To these eyes, “Cafe Society” is a far more satisfying and coherent send-up of Old Hollywood than this year’s scattershot Coen Brothers effort “Hail Caesar,” which had some hilarious vignettes to be sure (“Would that it were so simple”) without much connecting tissue of the story in between.
The parallel action of lavishly fake Hollywood and gritty in-your-face New York creates for some hilarious moments, particularly as Bobby’s Jewish parents debate the merits of the afterlife. There is also a riotous running joke recalling “Bullets Over Broadway,” as Bobby’s gangster brother (Corey Stoll) whacks anyone who gets in his family’s way and comically dumps their bodies into cement.
While most critics acknowledge Woody’s comedic timing, he remains underrated for his directorial prowess. Academics who analyze mise-en-scene will enjoy his symbolic background images here.
After one of the gangster scenes, we cut to a shot of Eisenberg in phone booth with the background showing a spinning globe that recalls the “World is Yours” globe in “Scarface” (Paul Muni is also referenced minutes earlier). Later, in a budding romance scene where Eisenberg and Stewart visit various celebrity estates, Woody shows a heart-shaped gate pattern positioned between them.

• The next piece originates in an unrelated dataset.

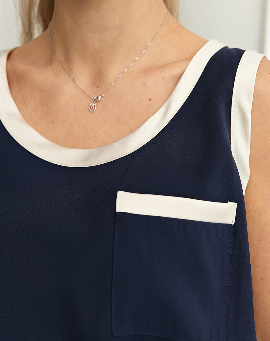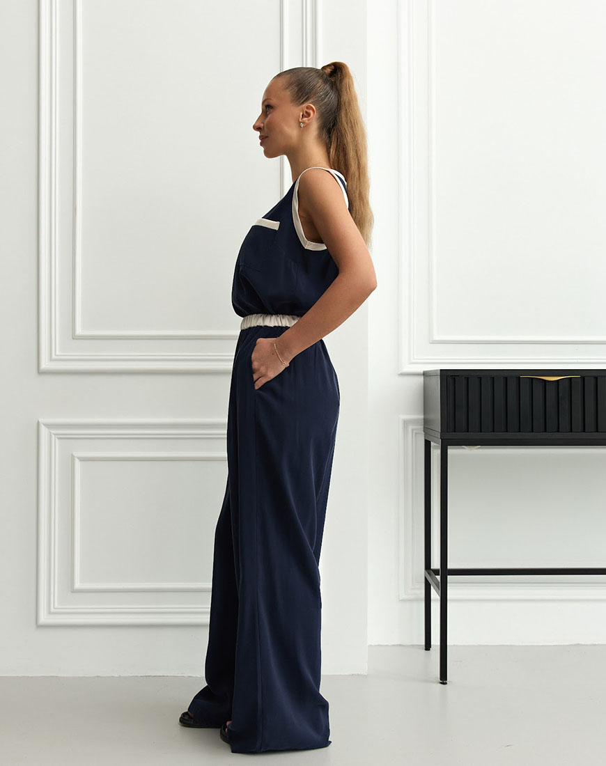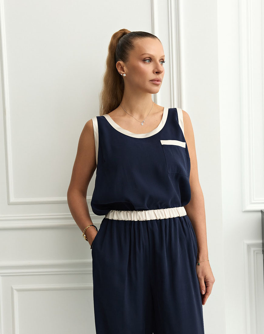Лаконічна майка, виконана у синьому кольорі з делікатними вставками, які додають образу виразності.

Best of all, their repeated trips to a Mexican restaurant show a giant painting behind them that looks like the Spanish mission from “Vertigo” (1985). Is this an intentional choice to showcase their fatalistic relationship? After all, Eisenberg does try to remake an old love (Vonnie) into a new love (Veronica), not unlike Judy and Madeline. Perhaps this is a coincidence, but it’s nonetheless there.
But more than these subtle symbolic touches, Woody’s films thrive off their casting. Here, Stewart is surprisingly good in a “love to hate her” kind of way; Lively is undeniably beautiful and utterly sympathetic in her innocence; and Carell once again proves he can ditch the funny to play a slime ball.
Still, the real show stealer is Eisenberg, who delivers his best performance of the year, far better than his over-the-top Lex Luthor in “Batman v Superman” or his manic magician in “Now You See Me 2.” Under Woody’s direction, Eisenberg becomes the embodiment of the younger Allen himself, pacing around rooms and neurotically pondering his relationships and his place in the universe.
The entire thing is a delight to watch with a unique blend of belly laughs and bittersweet matters of the heart. It’s amusing from start to finish before giving way to a rather lackluster, unearned, abrupt finish. The abrupt ending somehow isn’t as satisfying as the melancholy at the end of, say, “Annie Hall,” when we learned that we all just needed the eggs. But if you think of it thematically, it makes sense.
There’s a scene early on where Eisenberg writes his aunt a letter from Hollywood to New York. As the aunt writes a return letter describing the falling rain on her Bronx porch, Woody uses her words to tell us the movie’s theme: “It’s pretty, a little melancholy, but that’s life.”